Directions
Print only the lines from the top of the data through the line with "2025新款高级感三角巾时尚磁吸扣小方巾秋冬保暖围脖围巾女丝巾女", both included, skipping every picture.
──────── Supplied information ────────
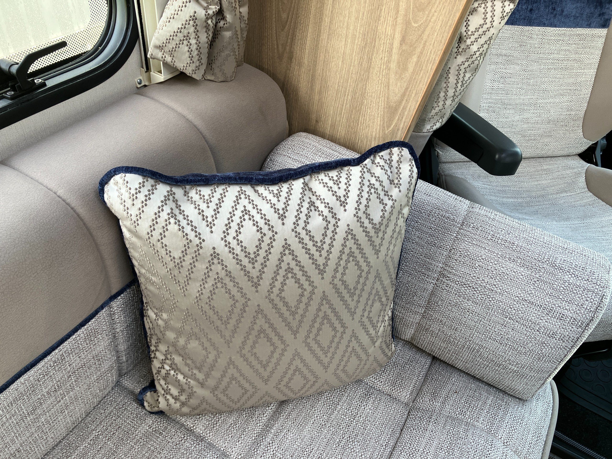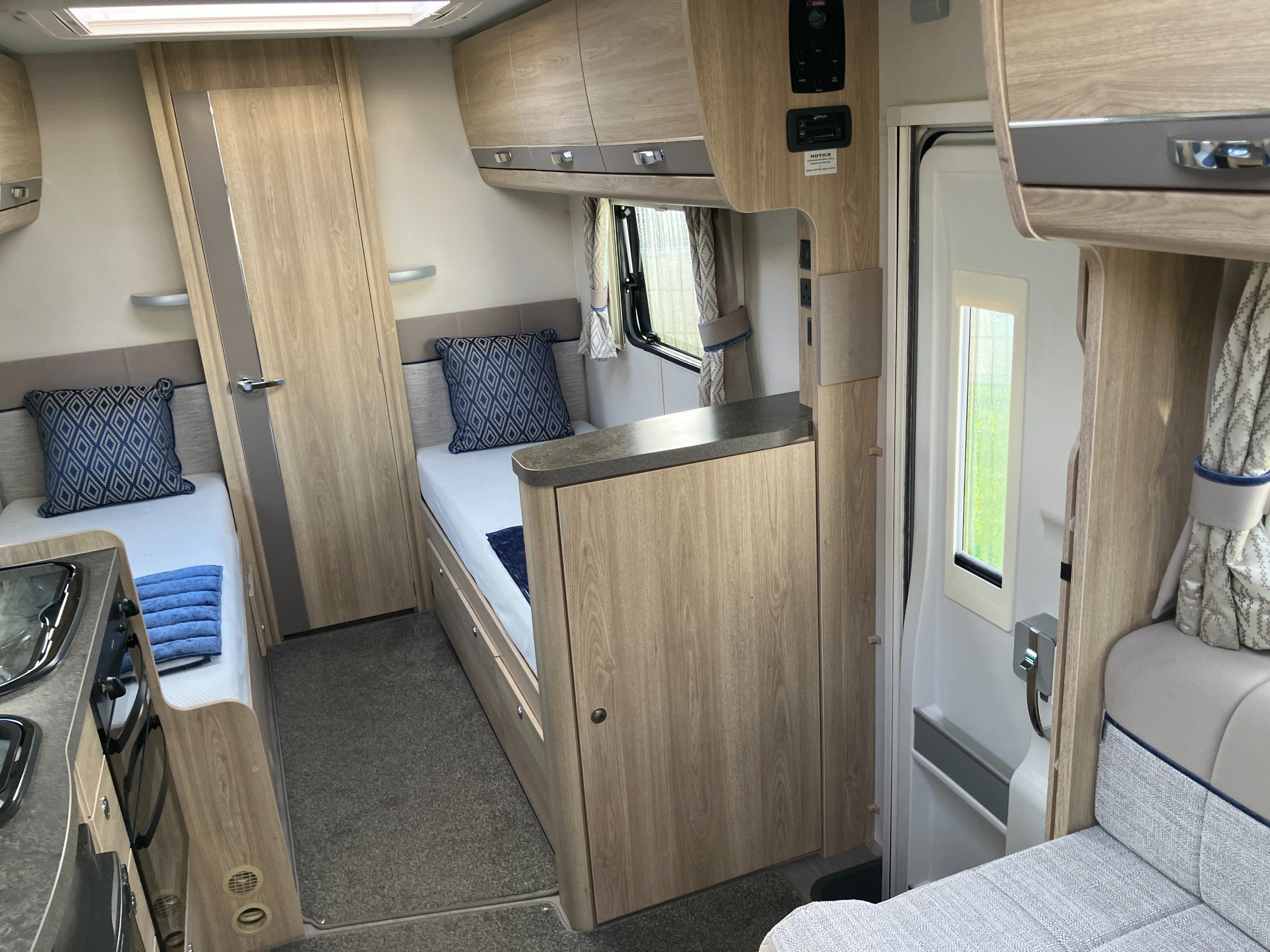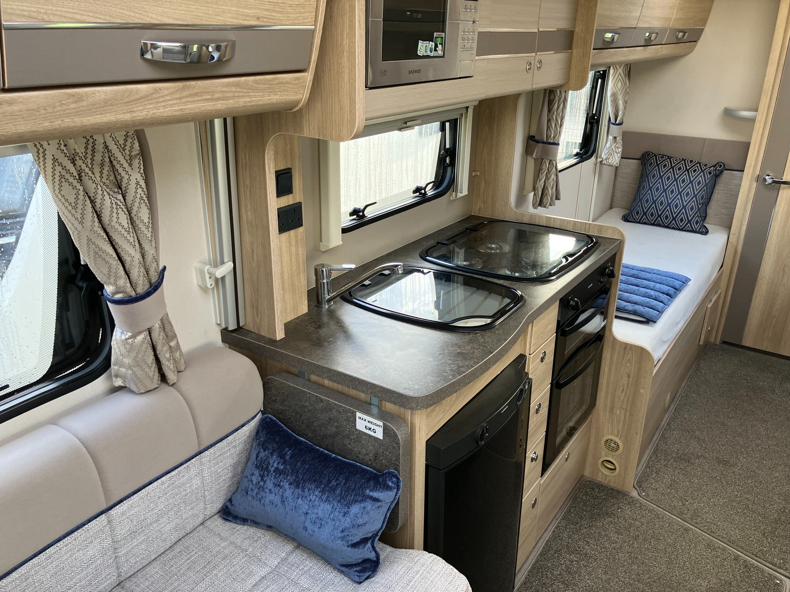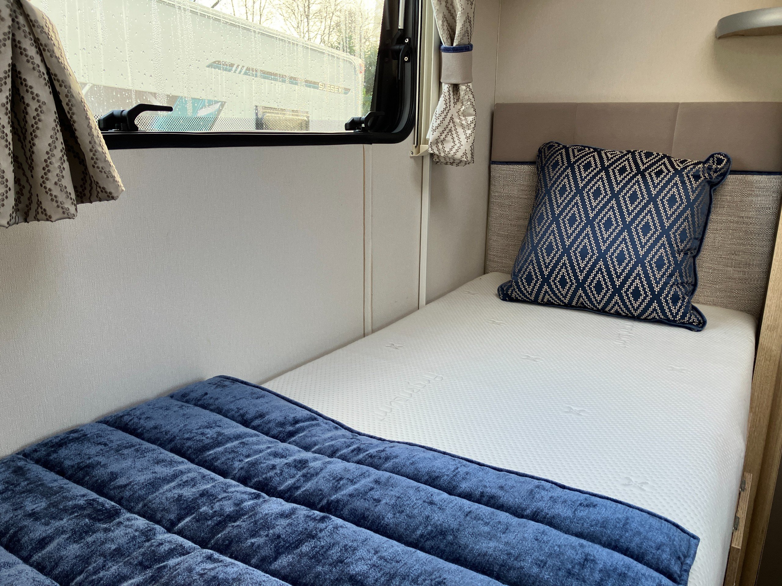 Very low mileage Sussex Special Edition model with bespoke soft furnishings and exclusive graphics. This spacious layout with light tone of wood and contemporary finish offers a bright and comfortable living space for any couple or family. Convenient fold away travel seats offer the option of additional travel seats when required, or remove them for additional storage when travel as two. Designed with both style and practicality in mind, this highly desirable model comes with an enhanced specification including:
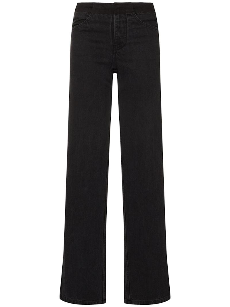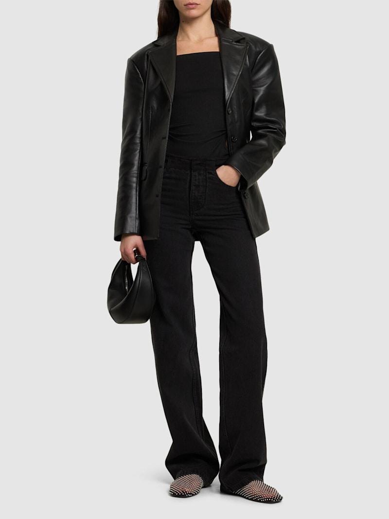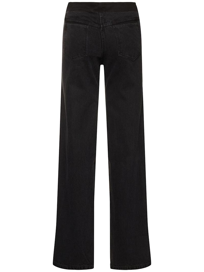 解构高腰阔腿牛仔裤 - 黑色 - 女士 - Christopher Esber - 正面纽扣和隐藏式拉链开合.
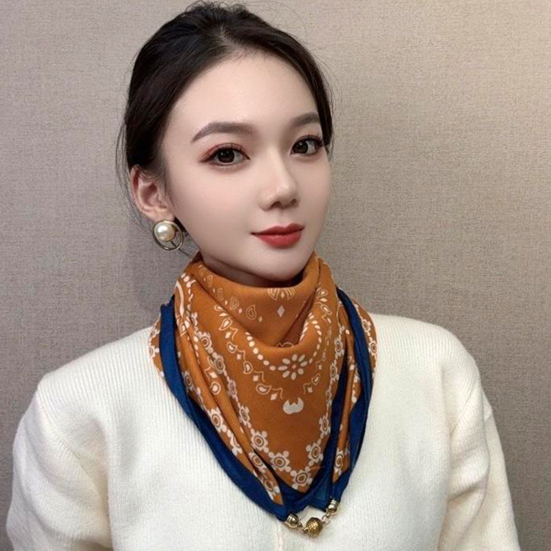 2025新款高级感三角巾时尚磁吸扣小方巾秋冬保暖围脖围巾女丝巾女
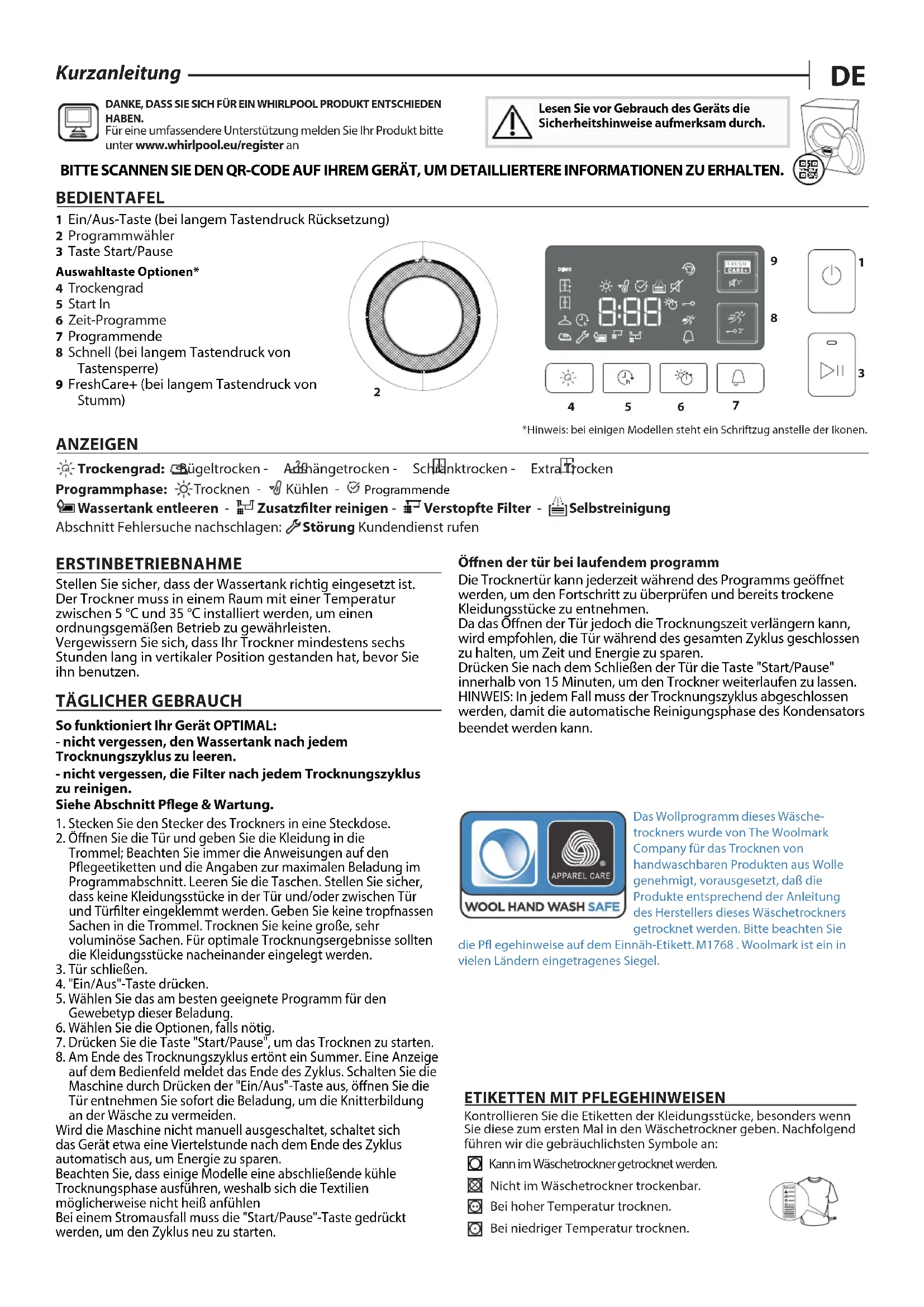 bzw. eingesetzt sind.FEHLERSUCHE DE Im Störungsfall bitte die nachstehende Tabelle prüfen, bevor Sie den Kundendienst rufen. Funktionsstörungen sind oft nur geringfügig und können in wenigen Minuten behoben werden. Störung Mögliche Ursache Abhilfe Die Trockenzeiten sind sehr lang. Es wurde keine ausreichende Wartung vorgenommen. Den Abschnitt Reí nigung und Wartung nachschlagen und die dort beschriebenen Arbeitsgänge ausführen. Die Wäsche bleibt zu nass. Nach dem Waschen in der Waschmaschine mit höherer Drehzahl schleudern, um so viel Wasser wie möglich zu beseitigen. Raumtemperatur.Die Trockenzeit kann länger ausfallen, wenn die Raumtemperatur außerhalb des Bereichs von 14–30°C liegt.Eingestelltes Programm, Dauer und/oder Trockengrad sind für die Art oder die Menge der in den Trockner eingeführten Ladung nicht geeignet. Das richtige Programm und die richtigen Optionen im Abschnitt Programme und Optionen nachschlagen.Der Trockner ist möglicherweise überlastet.Die maximale Ladung für die einzelnen Programme im Abschnitt Programme nachschlagen. Der Wäschetrockner lässt sich nicht einschalten. Die Ein/Aus Taste wurde nicht gedrückt. Drücken Sie die Ein/Aus Taste. Der Stecker wurde nicht in die Steckdose gesteckt. Den Stecker in die Steckdose stecken.Die Steckdose ist defekt.Als Gegenprobe ein anderes Haushaltsgerät an die gleiche Steckdose anschließen. Für den Anschluss am Stromnetz keine Zwischenelemente wie Adapter oder Verlängerungskabel verwenden. Die Stromversorgung ist ausgefallen.Warten Sie, bis die Stromversorgung wiederhergestellt ist und schalten Sie die Sicherung wieder ein, falls nötig. Der Wäschetrockner läuft nicht an. Die Tür hat sich nicht richtig geschlossen. Die Tür schließen. Es wurde eine spätere Startzeit des Programms eingestellt.Bei Maschinen, die mit dieser Funktion ausgestattet sind: abwarten, bis die eingestellte Verzögerungszeit abgelaufen ist oder die Maschine abschalten, um sie zurückzusetzen. Die Optionen-Auswahl kontrollieren. Die Taste Start/Pause zum Starten des Programms wurde nicht gedrückt. Die Taste Start/Pause drücken.Bei Maschinen mit Tastensperre wurde diese Option eingeschaltet.Siehe Abschnitt Optionen. Wenn Tastensperre. gewählt wurde, diese deaktivieren. Das Ausschalten der Maschine deaktiviert diese Option nicht.Kleidungsstücke sind bei Programmende feucht.Kleine Wäschemenge.Das Automatikprogramm hat die erforderliche Endfeuchtigkeit nicht erfasst. Der Trockner beendet das Programm und stoppt. In diesem Fall einfach ein weiteres kurzes Trockenprogramm starten oder die Option Extra Dry auswählen, falls verfügbar. Große Beladungen oder schwerere Sto e. Die Trockengrade können auf die spezi sche gewünschte Trockenheit geändert werden. Extra trocken wird für Stücke empfohlen, die sofort getragen werden. Der Trocknungszyklus wurde unterbrochen und nicht innerhalb von 15 Minuten wieder aktiviert, so dass sich das Gerät ausgeschaltet hat. Der Trocknungszyklus muss erneut eingestellt und neu gestartet werden.Es könnte ein Stromausfall aufgetreten sein, der das Gerät ausgeschaltet hat.Der Trocknungszyklus muss erneut eingestellt und neu gestartet werden. Leuchten oder Blinken der Anzeigen Wassertank Der Wassertank ist voll. Den Wassertank entleeren. Den Abschnitt Reí nigung und Wartung nachschlagen. Tür lter Störung des für den Betrieb der Maschine notwendigen Luftstroms. Den Tür lter kontrollieren, sodass das Gitter der Belüftungsö nung wieder frei ist. Wenn diese Vorgänge nicht ordnungsgemäß ausgeführt werden, könnte der Wäschetrockner Schaden nehmen. Den Abschnitt Reí nigung und Wartung nachschlagen. Boden lter*Der Boden lter muss gereinigt werden.Den Boden lter reinigen. Den Abschnitt Reí nigung und Wartung nachschlagen.Das Symbol des Schraubenschlüs-sels weist auf eine Störung hin.Die Sensoren der Maschine haben eine Störung festgestellt. Den Trockner abschalten und vom Stromnetz trennen. Sofort die Tür ö nen und die Wäsche herausnehmen, damit die Hitze entweichen kann. Circa 15 Minuten warten. Den Trockner wieder an das Stromnetz anschließen, die Wäsche einfüllen und das Programm starten.Sollte das Problem weiter bestehen bleiben, den Kundendienst rufen und diesem die Buchstaben und Zi ern mitteilen, die am Display blinken. z.B. F3 und E2. *Hinweis: einige Modelle sind selbstreinigend, nicht mit dem Boden lter ausgestattet. Abschnitt Reí nigung und Wartung nachschlagen. DANKE, DASS SIE SICH FÜR EIN WHIRLPOOL PRODUKT ENTSCHIEDEN HABEN. Für eine umfassendere Unterstützung melden Sie Ihr Produkt bitte unter www.whirlpool.eu/register an Firmenrichtlinien, Standarddokumentation, Ersatzteilbestellung und zusätzliche Produktinformationen nden Sie unter:• QR-Code-Verwendung bei Ihrem Gerät
────────
Your response
 Very low mileage Sussex Special Edition model with bespoke soft furnishings and exclusive graphics. This spacious layout with light tone of wood and contemporary finish offers a bright and comfortable living space for any couple or family. Convenient fold away travel seats offer the option of additional travel seats when required, or remove them for additional storage when travel as two. Designed with both style and practicality in mind, this highly desirable model comes with an enhanced specification including:
 解构高腰阔腿牛仔裤 - 黑色 - 女士 - Christopher Esber - 正面纽扣和隐藏式拉链开合.
 2025新款高级感三角巾时尚磁吸扣小方巾秋冬保暖围脖围巾女丝巾女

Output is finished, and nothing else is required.